Emerging Role of Gut Microbiota in Breast Cancer Development and Its Implications in Treatment

Background: The human digestive system contains approximately 100 trillion bacteria. The gut microbiota is an emerging field of research that is associated with specific biological processes in many diseases, including cardiovascular disease, obesity, diabetes, brain disease, rheumatoid arthritis, and cancer. Emerging evidence indicates that the gut microbiota affects the response to anticancer therapies by modulating the host immune system. Recent studies have explained a high correlation between the gut microbiota and breast cancer: dysbiosis in breast cancer may regulate the systemic inflammatory response, hormone metabolism, immune response, and the tumor microenvironment. Some of the gut bacteria are related to estrogen metabolism, which may increase or decrease the risk of breast cancer by changing the number of hormones.
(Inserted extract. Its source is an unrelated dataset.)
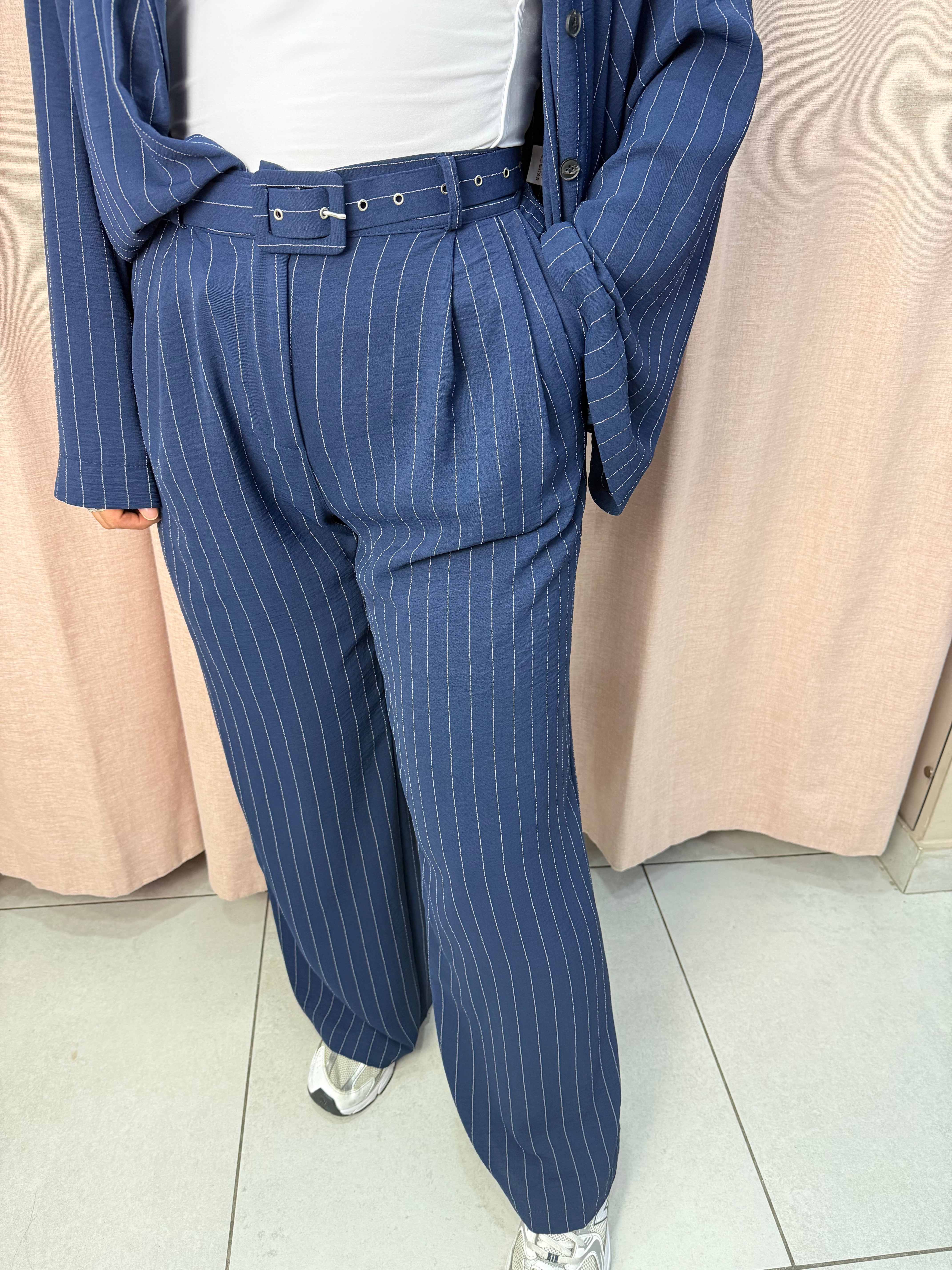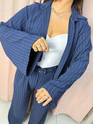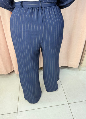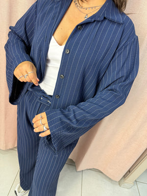 composto da Camicione con manica sblusata a campana e pantalone mod palazzo elastico con bustino frontale con zip e bottone e cintura integrata tono su tono

Further, the gut microbiota has been seen to modulate the immune system in respect of its ability to protect against and treat cancers, with a specific focus on hormone receptor-positive breast cancer. Probiotics and other therapies claiming to control the gut microbiome by bacterial means might be useful in the prevention, or even in the treatment, of breast cancer. Conclusions: The present review underlines the various aspects of gut microbiota in breast cancer risk and its clinical application, warranting research on individualized microbiome-modulated therapeutic approaches to breast cancer treatment.